The list of comorbidities included 42 children with GERD, 12 with history of prematurity, 9 with a neurologic condition, 8 with dysmorphic features, 7 with congenital cardiac defects, 3 with obesity, 2 with failure to thrive, and 1 with cyanosis.

There was a statistically significant difference in mean ages among the 3 subgroups of primary presentation (ANOVA P < .001) (Table). Children primarily presenting with S-SDB were particularly older (mean [SD] age, 46.0 [27.2] months), whereas the stridor group was slightly younger than the SwD group (3.5 [2.8] months and 4.8 [4.6] months, respectively). Differences in sex distribution (χ2P = .29) were not statistically significant between groups (Table). The stridor group had a 1.8:1 male to female ratio, and the S-SDB group had a 3.4:1 male to female ratio. However, boys and girls were equally represented in the SwD group.

Table Graphic Jump LocationTable.  Comparison of Subgroup Characteristics

Thirty-one children (55%) from the stridor group, 6 (27%) with S-SDB, and 4 (40%) with SwD required surgical management with supraglottoplasty. The difference in proportion of children undergoing supraglottoplasty was not statistically significant between subgroups (χ2P = .07).

Twelve children underwent both tonsillectomy and adenoidectomy; 5 children had adenoidectomies; 1 had a tonsillectomy; and 1 had a lingual tonsillectomy. Of these 19 children, 8 had supraglottoplasties as well.

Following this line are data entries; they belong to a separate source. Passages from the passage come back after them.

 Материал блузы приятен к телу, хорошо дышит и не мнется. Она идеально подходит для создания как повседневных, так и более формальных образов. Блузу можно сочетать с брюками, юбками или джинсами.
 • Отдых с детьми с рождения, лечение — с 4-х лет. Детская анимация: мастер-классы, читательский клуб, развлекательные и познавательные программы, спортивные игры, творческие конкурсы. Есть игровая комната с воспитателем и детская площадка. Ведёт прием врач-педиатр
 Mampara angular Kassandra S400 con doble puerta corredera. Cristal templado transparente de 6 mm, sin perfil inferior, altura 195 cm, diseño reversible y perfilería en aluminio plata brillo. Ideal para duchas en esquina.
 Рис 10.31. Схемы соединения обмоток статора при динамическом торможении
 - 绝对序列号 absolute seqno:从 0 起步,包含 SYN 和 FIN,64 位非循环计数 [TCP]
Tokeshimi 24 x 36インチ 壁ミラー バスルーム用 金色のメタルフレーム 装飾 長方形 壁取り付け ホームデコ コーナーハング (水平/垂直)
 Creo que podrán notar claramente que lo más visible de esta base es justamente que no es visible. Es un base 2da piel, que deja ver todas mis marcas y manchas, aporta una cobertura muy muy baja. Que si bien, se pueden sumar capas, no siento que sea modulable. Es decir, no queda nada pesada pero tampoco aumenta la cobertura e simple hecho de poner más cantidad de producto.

The majority of these 19 children presented primarily with S-SDB, although 3 had initially presented with stridor and 1 with SwD.

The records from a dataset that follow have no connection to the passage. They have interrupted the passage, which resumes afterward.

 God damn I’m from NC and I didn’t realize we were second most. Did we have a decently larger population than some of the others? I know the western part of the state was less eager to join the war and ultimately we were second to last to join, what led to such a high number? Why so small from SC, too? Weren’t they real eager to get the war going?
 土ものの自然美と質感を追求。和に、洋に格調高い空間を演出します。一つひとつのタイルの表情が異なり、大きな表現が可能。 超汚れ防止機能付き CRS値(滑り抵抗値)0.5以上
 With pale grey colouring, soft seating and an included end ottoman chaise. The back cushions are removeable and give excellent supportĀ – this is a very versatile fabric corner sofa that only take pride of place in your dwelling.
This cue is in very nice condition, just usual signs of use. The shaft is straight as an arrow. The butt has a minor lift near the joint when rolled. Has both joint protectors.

The types of LM found in each subgroup of primary presentation are shown in Figure 3. Of the children presenting primarily with stridor, 27 had type 1, 28 had type 2, and 1 had type 3. In the S-SDB group, 15 children had type 1, 4 had type 2, and 3 had type 3. For the 10 children presenting with SwD, 5 had type 1, 4 had type 2, and 1 had type 3. The difference in proportion of types of LM was statistically significant between stridor and atypical presentations (S-SDB or SwD) (χ2P < .05). Types 1 and 3 appeared relatively more frequently in the S-SDB group.

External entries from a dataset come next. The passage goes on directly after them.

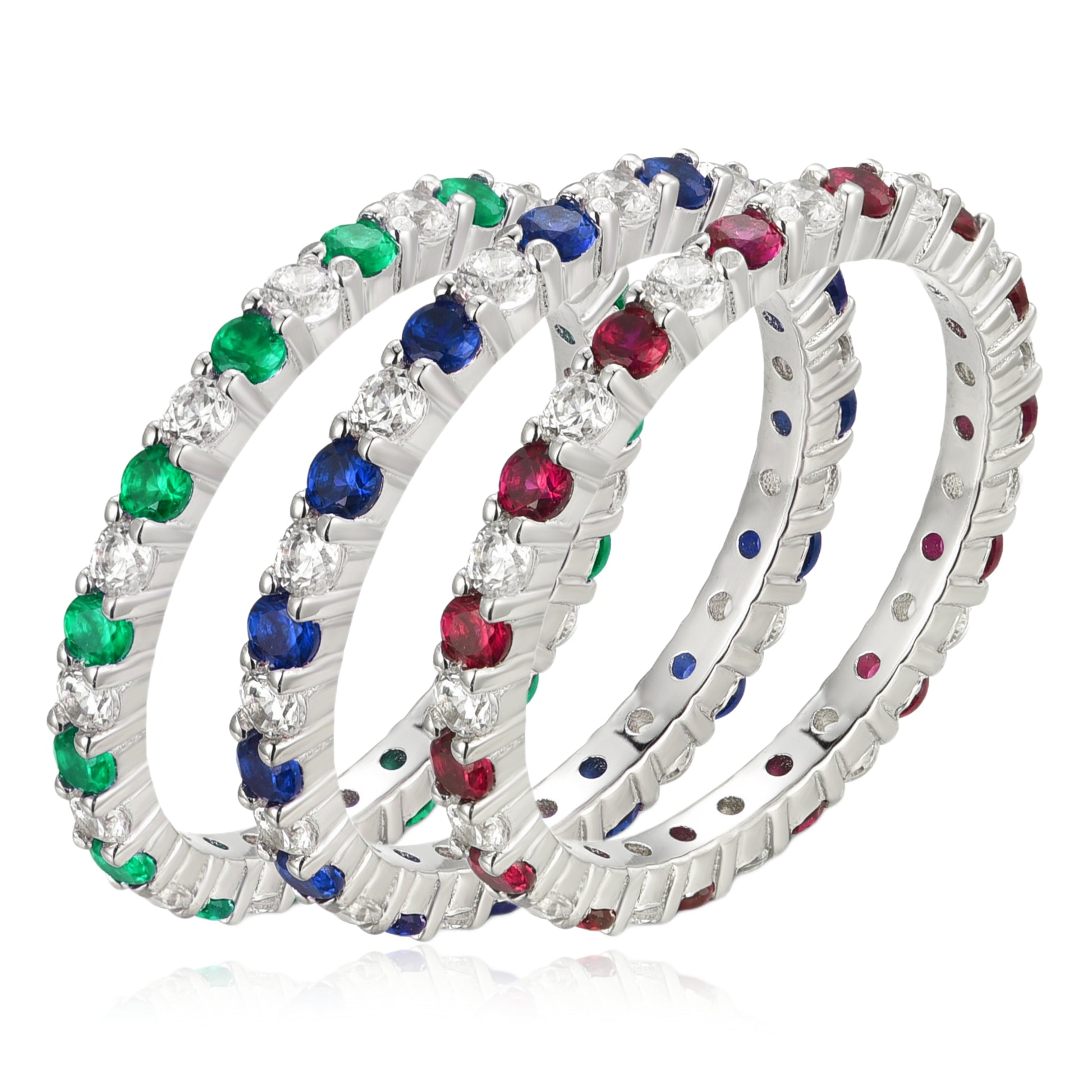 Sterling Silver Alternating Clear and Colorful CZ Eternity Band Ring
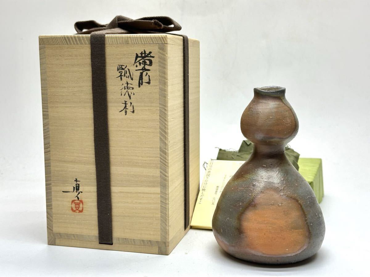 - 中村真 備前 瓢徳利 赤かせ 共箱 共布 栞 父 中村六郎 ④
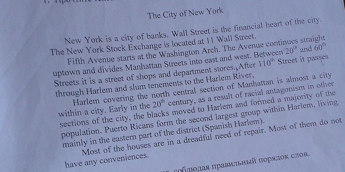 Нью-Йорг - это город банков. Уолл стрит - это финансовое сердце города. Нью-Йоркская фондовая биржа расположена на 11 Уолл стрит.
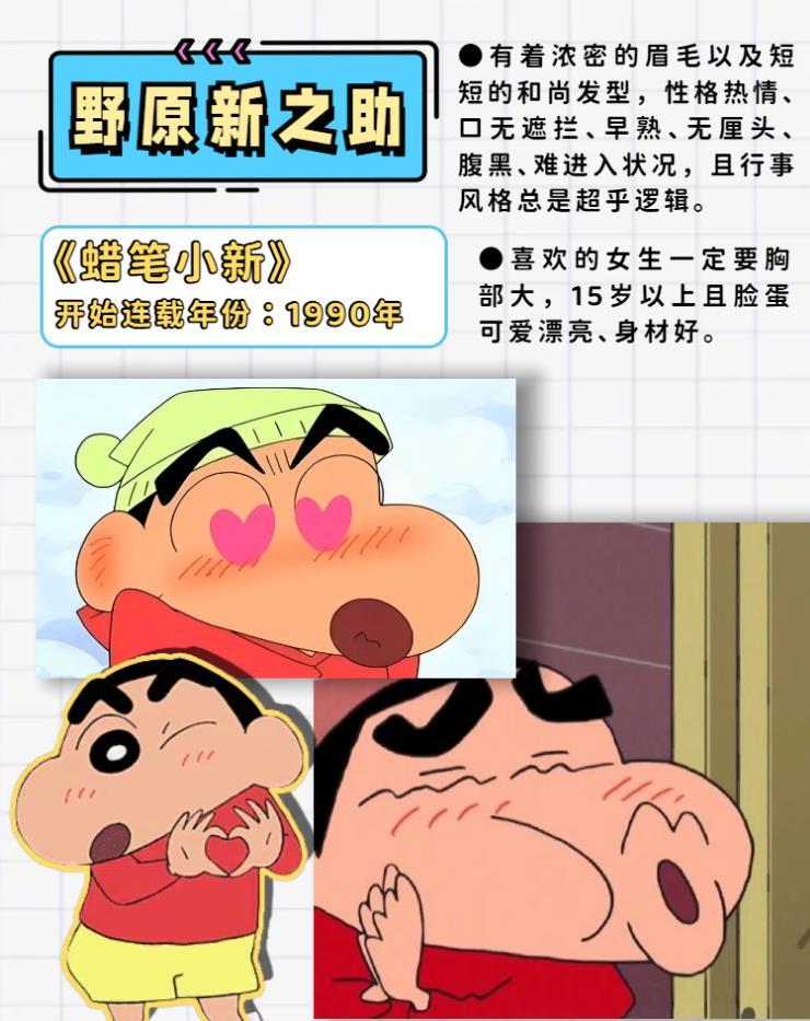 這種人設如果發生在一般角色上,不可避免會引起網友厭惡,但如果發生在五歲的小新身上就顯得十分有趣,也成了小新性格特點之一
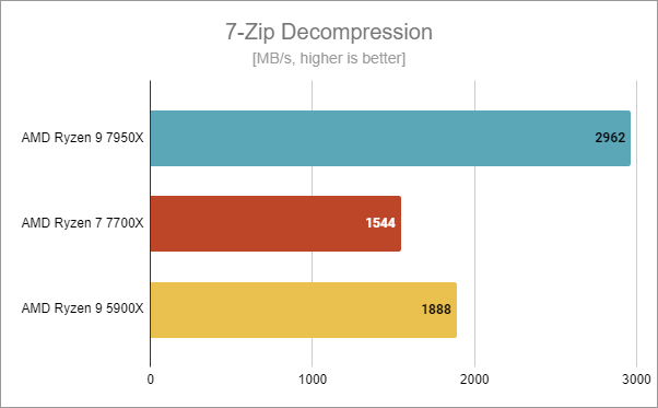 AMD Ryzen 9 7950X benchmarkresultaten: 7-Zip-decompressie
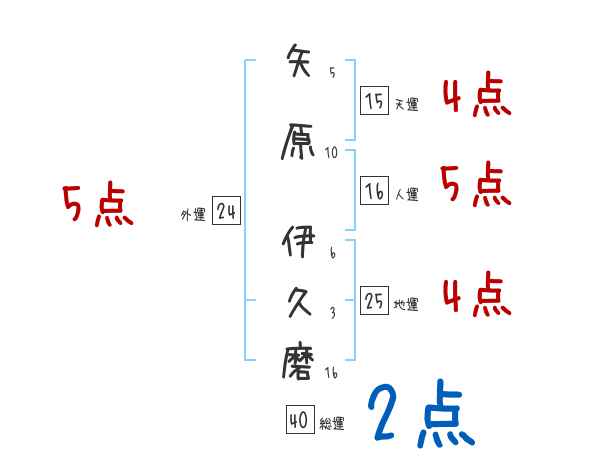 外運![]() | 矢原伊久磨さんの外運は24画の5つ星!家庭運が良く順調な人生。金運にも恵まれる。 生活面を象徴する運勢です。外部から受ける影響力を表し、結婚運、家庭運や職場、環境への順応性を表します。 |

Place holder to copy figure label and caption
Figure 3.
Distribution of Types of Laryngomalacia by Primary Presentation

Types of laryngomalacia assigned according to the classification system of Olney et al.16 S-SDB indicates snoring and/or sleep-disordered breathing; St, stridor; SwD, swallowing dysfunction.

Graphic Jump Location

Some of the patients in the series were previously reported by Thevasagayam et al9 in a series looking at the prevalence of LM in children presenting with SDB. Also, the 88 children included in this series overlap with the cross-sectional observational study by Rifai et al20 on secondary airway lesions in LM.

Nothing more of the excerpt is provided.